**Action item**. Exclude the images, then return every line below exactly as written.

**Data extract**.
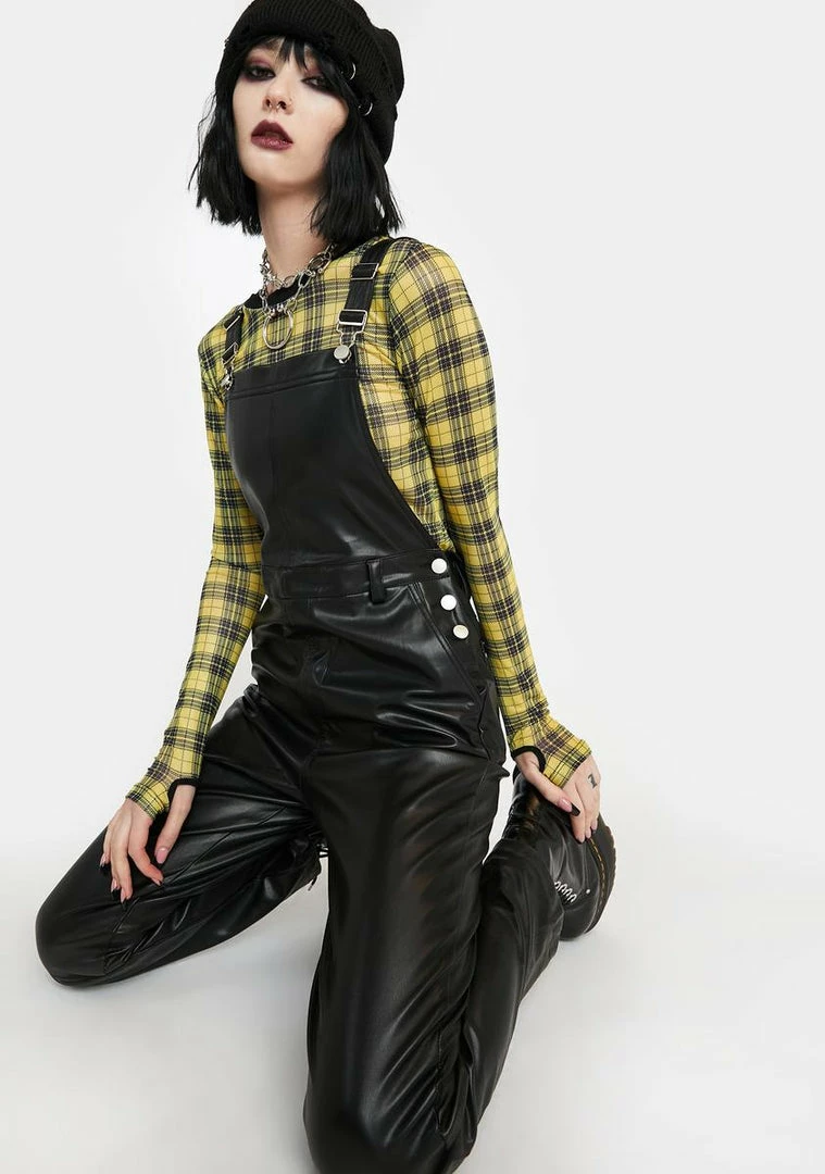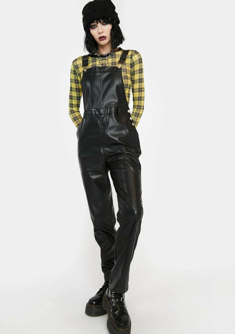 cuz you’re always edgy. These exclusive overalls have a soft vegan leather construction, adjustable braces, side button closures, a tapered fit, and pockets on the front and back.
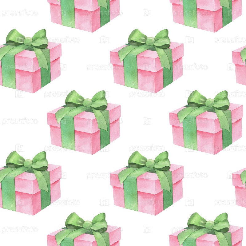 Бесшовный рисунок розовых подарочных коробок. Иллюстрация акварелью. Для ткани, обоев, упаковочной бумаги, поздравительных открыток, дизайна, декора и иллюстрации
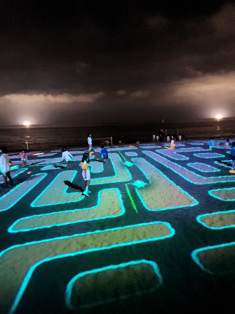 모래사장을 캔버스로 활용한 미디어 아트
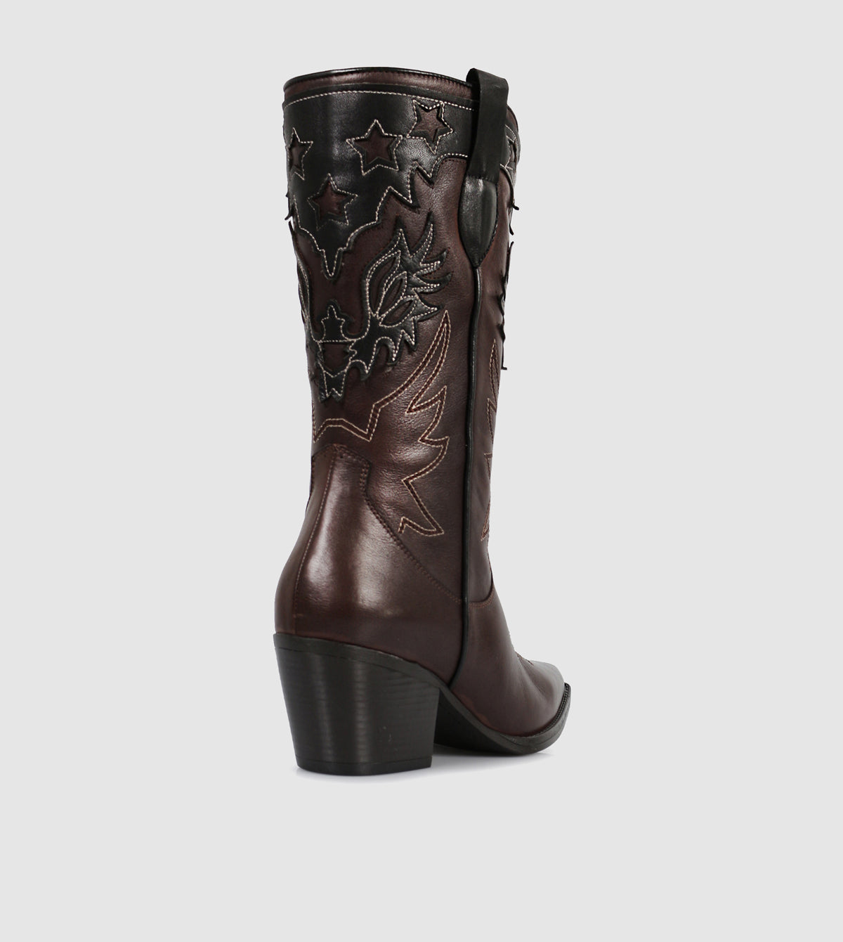 - Western-inspired mid-calf boot silhouette

**Exercise result**.
 cuz you’re always edgy. These exclusive overalls have a soft vegan leather construction, adjustable braces, side button closures, a tapered fit, and pockets on the front and back.
 Бесшовный рисунок розовых подарочных коробок. Иллюстрация акварелью. Для ткани, обоев, упаковочной бумаги, поздравительных открыток, дизайна, декора и иллюстрации
 모래사장을 캔버스로 활용한 미디어 아트
 - Western-inspired mid-calf boot silhouette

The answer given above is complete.